UCSC in the News

Slate magazine ran a feature story about music professor David Cope, inventor of the world's most musically creative computer program (named Emily Howell), whose latest album, Emily Howell, From Darkness to Light, was recently released.

History professor Gail Hershatter was quoted in a Washington Post story about the late Hsiao Li Lindsay, author of Bold Plum: With the Guerrillas in China's War Against Japan, a memoir that Hershatter said contains some of the best commentary on life in war-torn China.

The San Jose Business Journal wrote an article on the UCSC Business Plan Competition in advance of the finals.
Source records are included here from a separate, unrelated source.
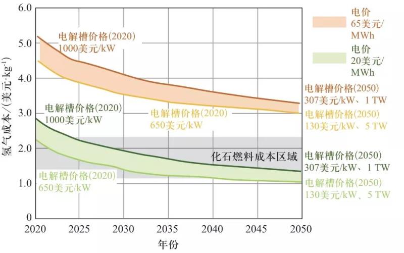 ? 圖2 2020—2050年期間綠氫成本變化趨勢(shì)
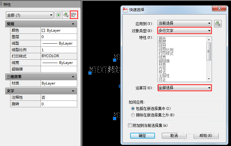 2、選取全部文字對(duì)象(也可以分別選取多行文字或單行文字,當(dāng)文字?jǐn)?shù)量較大時(shí)會(huì)顯得比較麻煩),在特性對(duì)話中點(diǎn)擊”快速選擇“圖標(biāo)。如圖在”快速選擇“對(duì)話框中分別設(shè)定”多行文字“和”全部選擇“選項(xiàng),然后點(diǎn)擊”確定“。
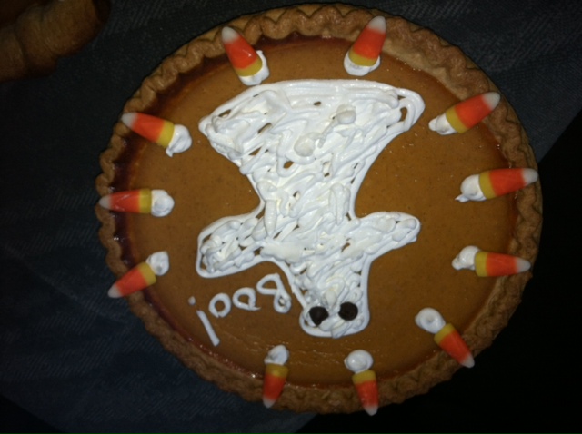 I’d like to start off by showing pictures of the cute pies I delivered this morning. I sent the “Little Boo” to my friend Olivia. The “Big Boo” went to my son’s second grade teacher, and another “Big Boo” went to the front office staff at his school. I thought the candy corns looked great on those pumpkin pies.
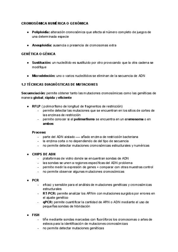 Resumen UD2 Caracterización de los procesos que se realizan en laboratorios de biología molecular y citogenética.

Education Week quoted Judit Moschkovich, associate professor of education, in an article on developing proficiency standards for English-language learners. Moschkovich is advising the team writing math standards.
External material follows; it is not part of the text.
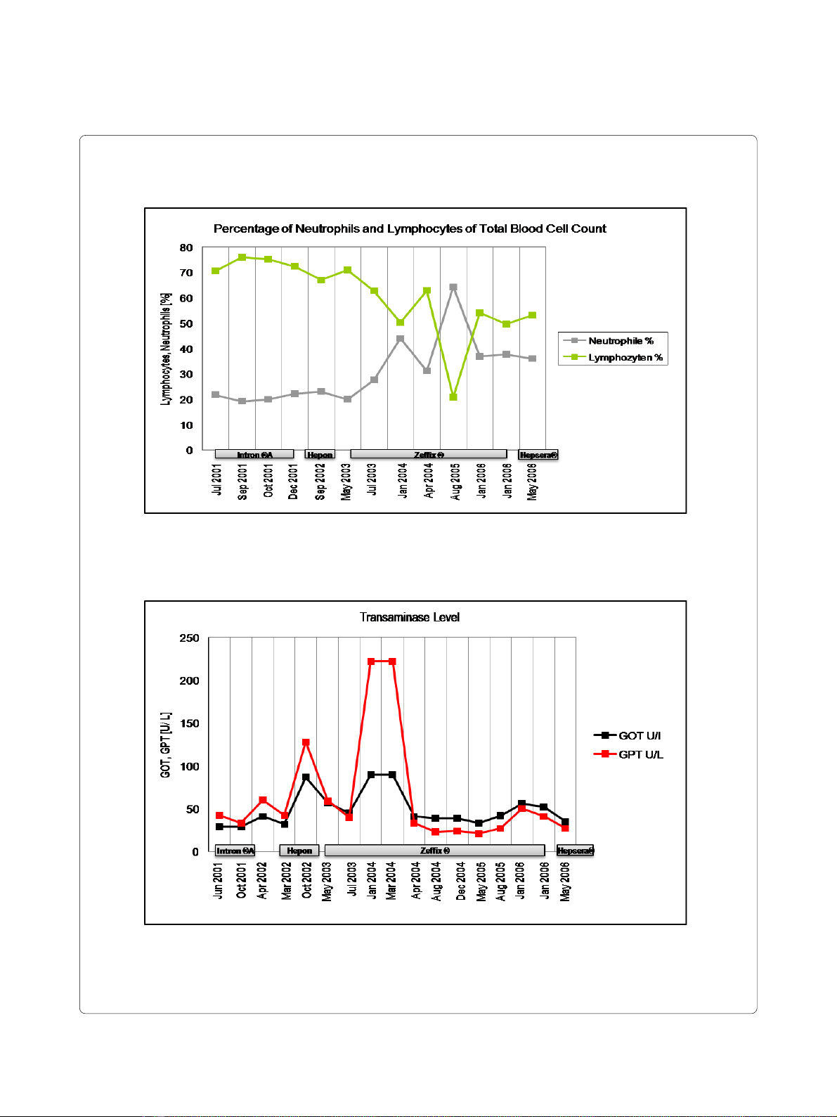 Figure 2 a. Level of neutrophiles and lymphocytes during CHB treatment with interferon, hepon, lamivudine and adefovir dipivoxil. b. Lev-

KSCO-AM radio in Santa Cruz aired an interview with environmental studies Professor Greg Gilbert about the Santa Cruz-Watsonville Inquiry Based-Learning in Environmental Sciences project that he leads.

KSBW TV covered the Gardening Marathon at the Arboretum, including interviews with education director Stephen McCabe and student worker Sylvie Childress.

Astronomer Sandra Faber was interviewed by a crew from KTEH TV for a profile of her to run later this summer on the program "This is Us."

The Santa Cruz Sentinel and Santa Cruz Good Times reported that music professor Hi Kyung Kim will be one of the five keynote speakers for the UNESCO World Conference on Arts Education in Seoul, South Korea.

The Good Times also reviewed the Theater Arts Department's production of Hair, noting that the musical "is the perfect vehicle" for director and theater arts professor Danny Scheie.

Music professor Linda Burman-Hall was interviewed on KSCO radio about the gamelan traditions of Indonesia.